Il est de bonne heure ; faisons un tour dans ce village cerdan construit en pierres noires, desservi par des ruelles étroites pavées de petits cailloux plats et noirs. Au milieu de ce décor circulent des hommes fortement hâlés et brunis, en vêtements sombres ; puis des femmes et des filles en foulard noir, blanc ou jaune, de provenance espagnole, qui nous regardent curieusement, nous jettent en passant des mots étrangers « salutos », ou bien « buenas tardes », et rient aux éclats. Oh ! quel joli rire sort de ces gorges fraîches ! comme il monte hardiment vers le ciel, portant avec lui la joie de vivre !
Nous nous engageons dans la vallée de Font-Vive pour revoir devant nous les premiers contreforts du Carlitte et du pic du Col Rouge et, derrière nous, les hauts pâturages de Campcardos que nous saluons comme une vieille connaissance.

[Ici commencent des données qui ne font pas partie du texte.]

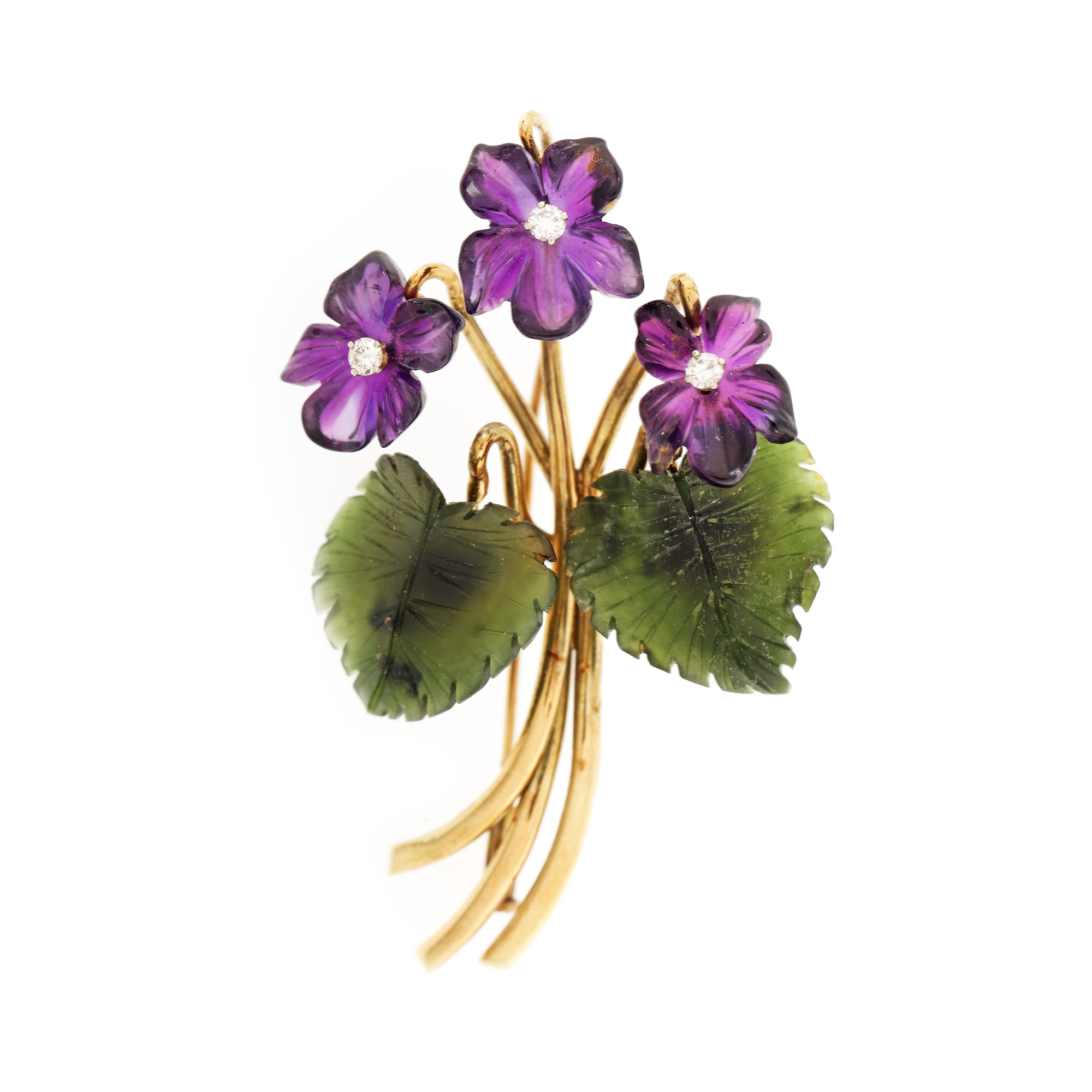 25. Broșă din aur, în forma unui buchet cu flori, decorată cu diamante, ametist și nefrit sculptat
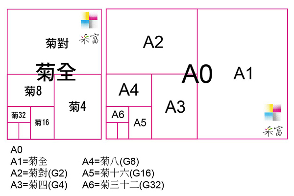 2. 菊版紙=25″× 35″ (英吋)或24.5″× 34.5″(英吋)(相當於ISO的A1規格)適合書刊、雜誌、事務用品之印製。
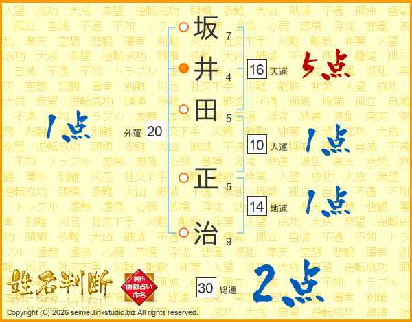 坂(7画)井(4画)田(5画) 正(5画)治(9画)
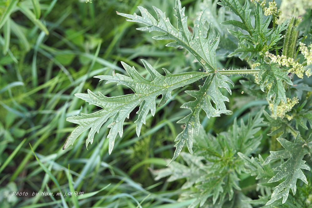 Urtica cannabina (728p)로 확인하였다. 김찬수 저 알타이도감에는 삼잎쐐기풀(119P)로 기록되어 있다..
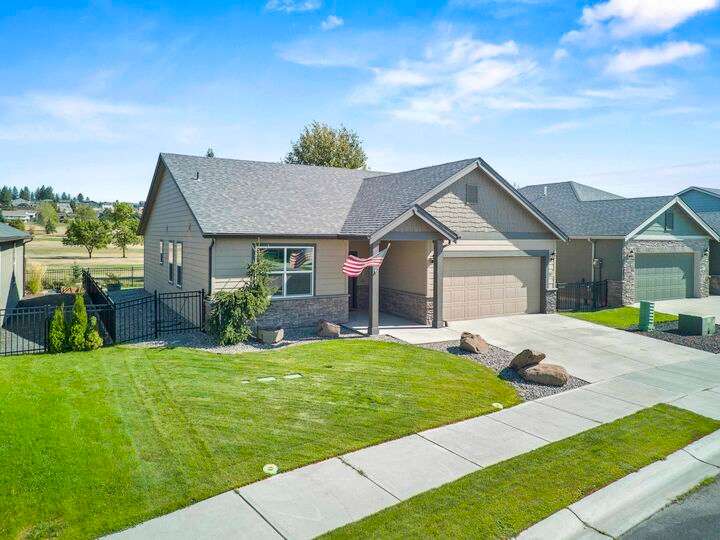 Welcome to Fairway Greens! This meticulously maintained 3bd/2bth home is located on the 8th hole fairway of the Plains Golf Course, offering sweeping views, wide open skies and the occasional free golf ball. This one-owner home has it all: open concept main-floor living, vaulted ceilings, gas fireplace, tankless water heater, central AC and a primary suite with a walk-in closet and large 3/4 bath. The spacious and open kitchen boasts a large island and breakfast bar, gas range, pantry, stainless steel appliances and quartz countertops. There's a zero-step attached garage and a fenced back yard that backs right on the golf course. The HOA is $186.65/month and covers, water, sewer, common area maintenance and snow plowing. Centrally located, this peaceful retreat is close to a brand new park, the freeway, Cheney and Spokane. This property is a true Hole-In-One!
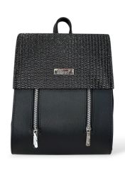 Közepes méretű, merev falú Karen hátizsák. Mágnespatentos fedéllel rendelkezik, amely alatt található az összehúzható fő rekesz. Elején két cipzárral ellátott zseb található.
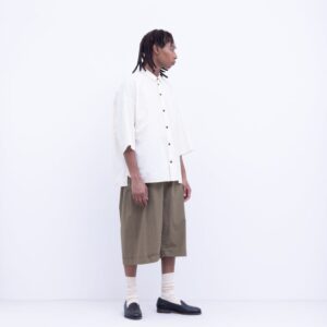 FIRMUM VG_FR0108SH 雷ウェザー 40/1オーガニックコットン・強撚ウェザ- 台襟付きシャツカラー オーバーサイズ 6分袖 [BLUE CHAMBRAY]
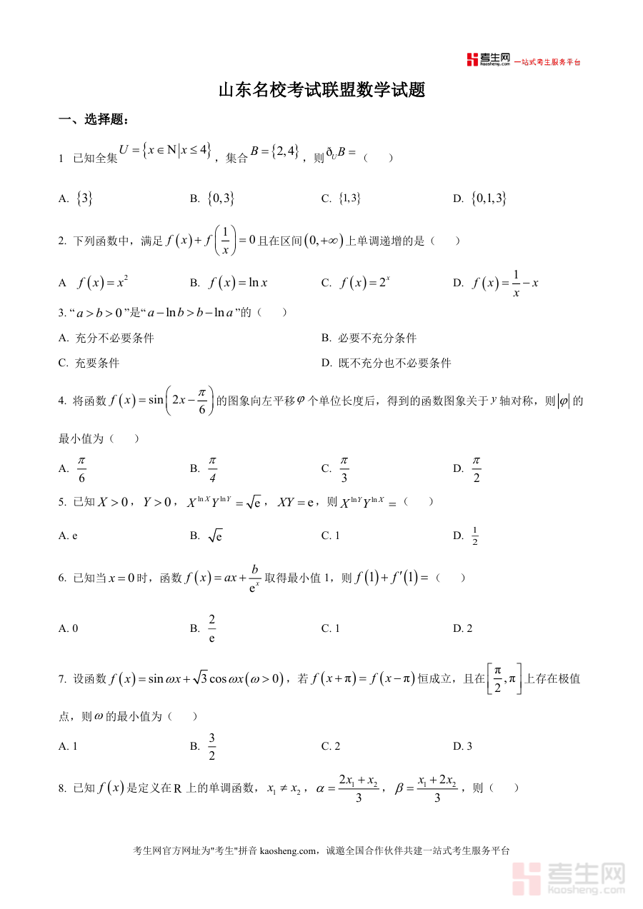《精品解析:山东名校考试联盟2025-2026学年高三上学期10月阶段性检测数学试题(原卷版).docx》是一份面向高三学生阶段性备考的高质量数学检测资料。其内容涵盖选择题(含单选与多选)、填空题及解答题三大题型模块,涉及集合运算、函数性质、三角函数图像变换、导数应用、不等式证明等高中数学核心知识点与能力考点。该试题由山东多所知名高中联合命题,严格遵循高考考纲要求,题型设置贴合高考命题趋势,能全面反映高三上学期初期学生的知识掌握程度与解题能力水平,具备较强的针对性与权威性。
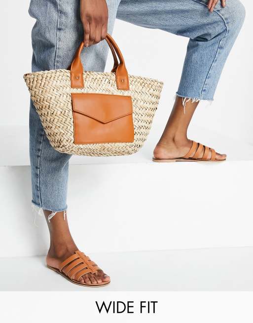 ASOS DESIGN Wide Fit Figured leather fisherman mules in tan
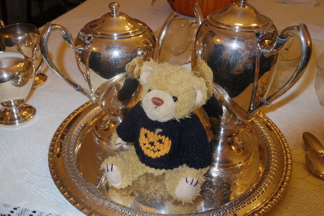 | The bear enjoys the silver at River Lea, the home of the Grand Island Historical Society. |
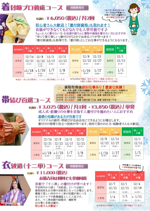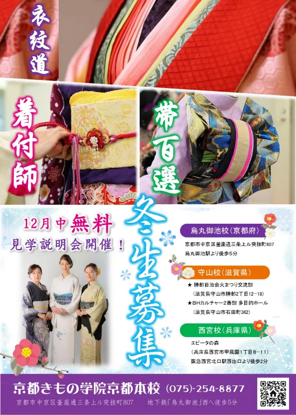2026年1月生募集「着付師・衣紋道(十二単)・帯百選」12月中無料見学説明会開催!
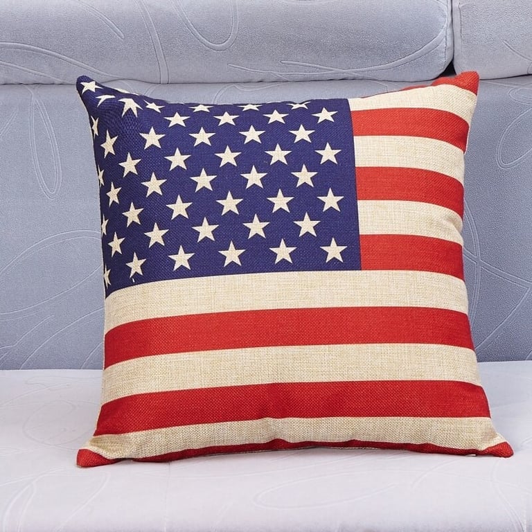 Decorative cushion cover with a colourful print. Design featuring the American flag. Dimensions 45×45 cm.
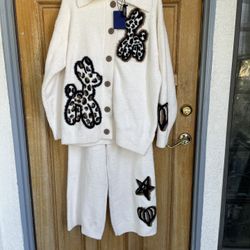 WILDROOMS Balloon Dog Fuzzy Knit Lounge Set Jacket Pants $150City Of Industry, CA
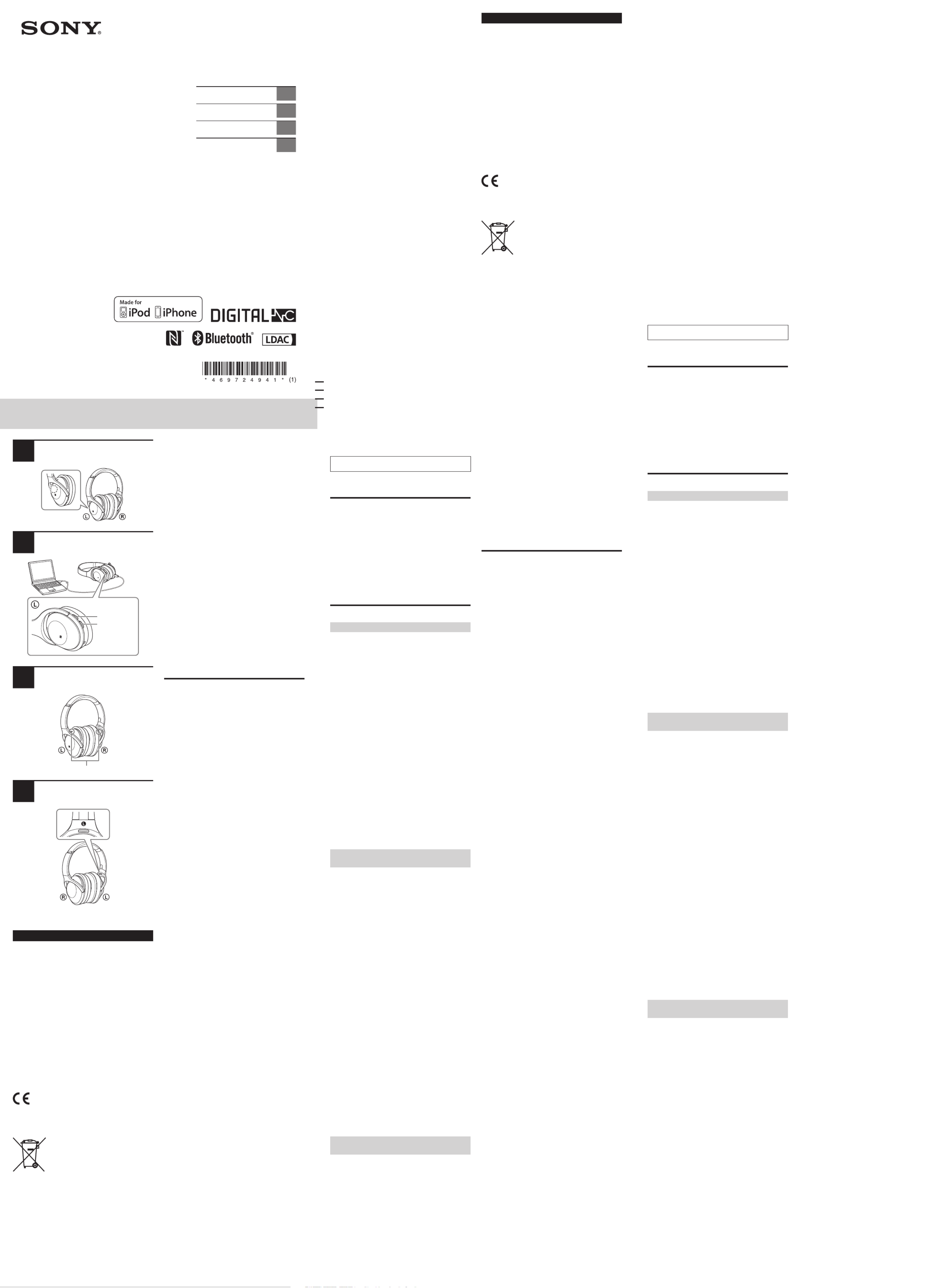 Sony WH-1000XM2 Brugsanvisning
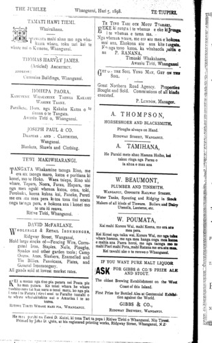 The Jubilee, Tuesday, July 5, 1898. [8] Te Tiupiri, Huri 5, 1898.
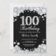100e Invitation d'anniversaire. Arrière - plan en damier en pierre d'argent. Élégant invitation du Bassin d'Anniversaire. Noir et Blanc. Anniversaire adulte. Les femmes, anniversaire. Hommes Anniversaire.
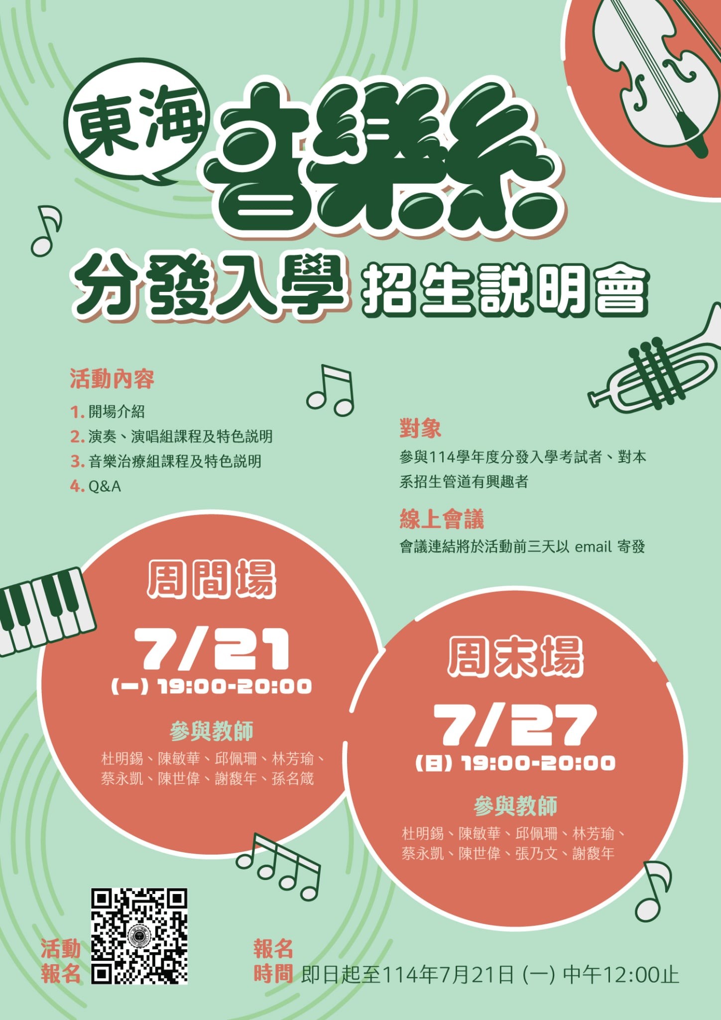 | 2025/07/16 東海大學音樂系分發入學招生說明會 |

Le soir, à table, la conversation devient sérieuse : emporterons-nous une corde ? Nous sommes encore pleins des récits de l’ascension de Lequeutre, et du guide Joanne qui ne recommande ce sommet qu’à des grimpeurs éprouvés. Je voudrais la corde, car il serait ridicule d’être venu à Porté si nous devions le lendemain faire demi-tour faute de cette aide. Marfaing, d’après ses souvenirs de l’an passé, prétend que la corde est inutile ; bref, on la laissera et on montera par le côté des étangs de las Passaderas, la montée du côté du cirque nous semblant un jeu d’enfant.
Le lendemain 20 juillet, départ à 4 heures. Le temps est superbe, la nuit est sereine, les étoiles brillent.